* PROBLEM REQUIREMENTS: A verbatim transcript of the data that follows, free of images, is the expected result.

=== DATASET SECTION ===

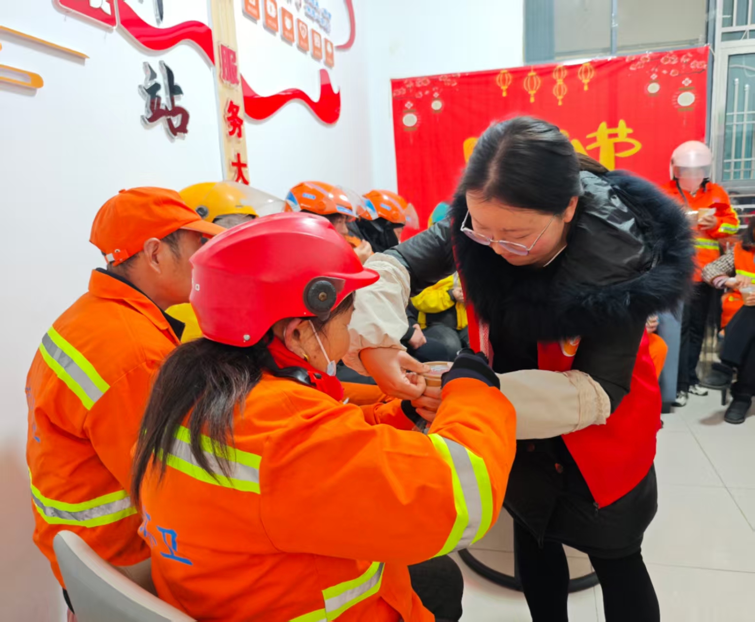 活动现场,一副由大家共同构思、代表驿站心声的春联被精心张贴上门框——“暖驿粥到情亦到,驿站春来福同来”,横批“腊八同欢”。红纸黑字间,凝聚着对劳动者深深的敬意与节日祝福。
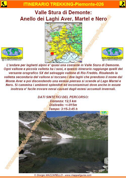 L’andare per laghetti alpini e’ quasi una costante in Valle Stura di Demonte. Ogni vallone e piccola valletta ha i suoi, e questo itinerario raggiunge quelli del versante orografico SX del selvaggio vallone di Rio Freddo. Risalendo la valletta secondaria del vallone si toccano i due laghi che prendono il nome dal Monte Aver e poi discendendo un’estesa pietraia si scende al Lago Martel e Nero. Si cammina in ambienti splendidi ed incontaminati dove anche in estate inoltrata e’ facile trovare nevai residui degli estesi accumuli invernali.
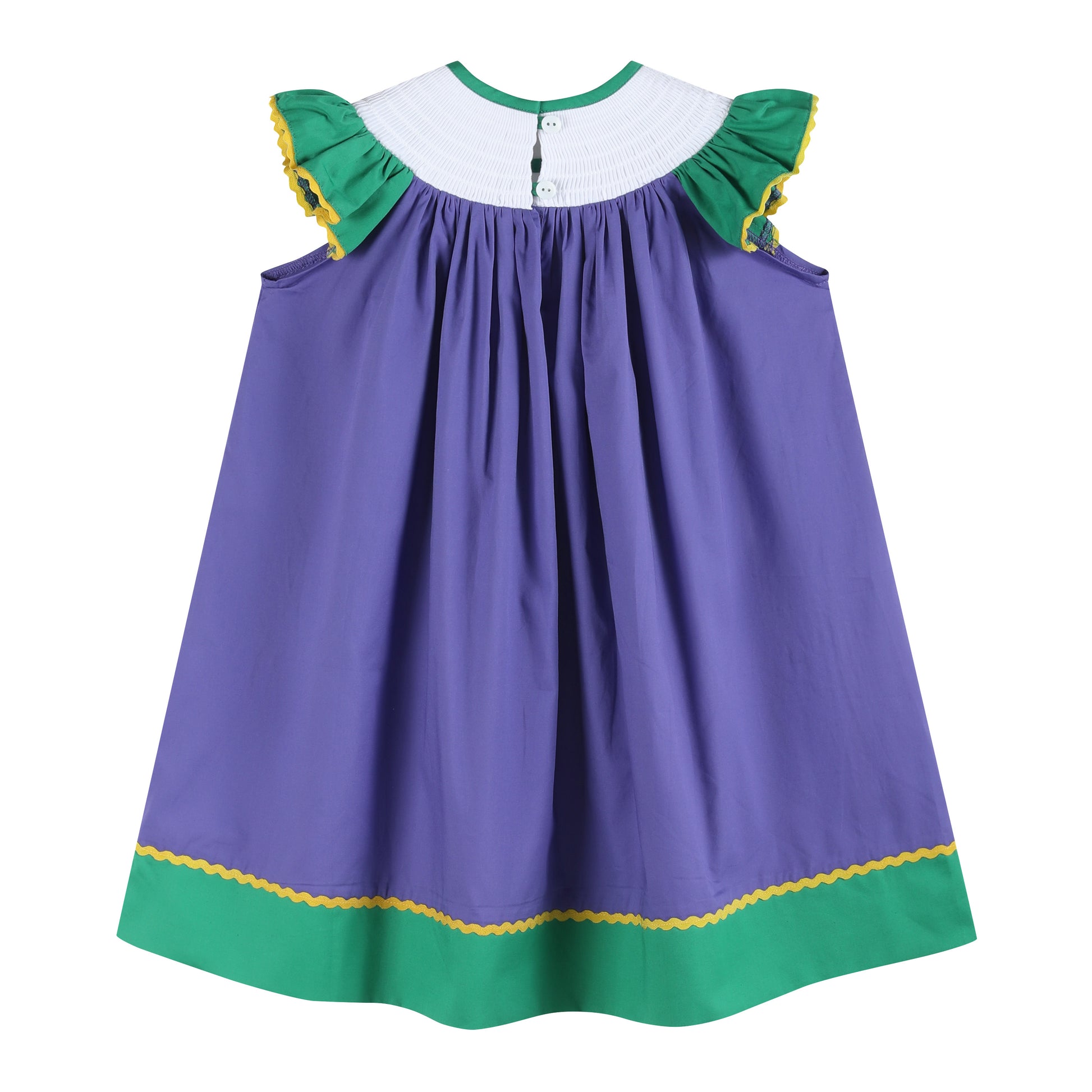 Let the good times roll in our festive Purple and Green Mardi Gras Smocked Bishop Dress! This vibrant purple dress features playful green flutter sleeves and cheerful yellow trim for a classic Mardi Gras color palette. The smocked neckline is embroidered with stars in purple, green, and golden yellow, bringing just the right amount of sparkle to her celebration style. Made from 100% cotton, it’s as comfortable as it is eye-catching, perfect for parades, parties, or playful everyday wear.

===

* RESULT:
 活动现场,一副由大家共同构思、代表驿站心声的春联被精心张贴上门框——“暖驿粥到情亦到,驿站春来福同来”,横批“腊八同欢”。红纸黑字间,凝聚着对劳动者深深的敬意与节日祝福。
 L’andare per laghetti alpini e’ quasi una costante in Valle Stura di Demonte. Ogni vallone e piccola valletta ha i suoi, e questo itinerario raggiunge quelli del versante orografico SX del selvaggio vallone di Rio Freddo. Risalendo la valletta secondaria del vallone si toccano i due laghi che prendono il nome dal Monte Aver e poi discendendo un’estesa pietraia si scende al Lago Martel e Nero. Si cammina in ambienti splendidi ed incontaminati dove anche in estate inoltrata e’ facile trovare nevai residui degli estesi accumuli invernali.
 Let the good times roll in our festive Purple and Green Mardi Gras Smocked Bishop Dress! This vibrant purple dress features playful green flutter sleeves and cheerful yellow trim for a classic Mardi Gras color palette. The smocked neckline is embroidered with stars in purple, green, and golden yellow, bringing just the right amount of sparkle to her celebration style. Made from 100% cotton, it’s as comfortable as it is eye-catching, perfect for parades, parties, or playful everyday wear.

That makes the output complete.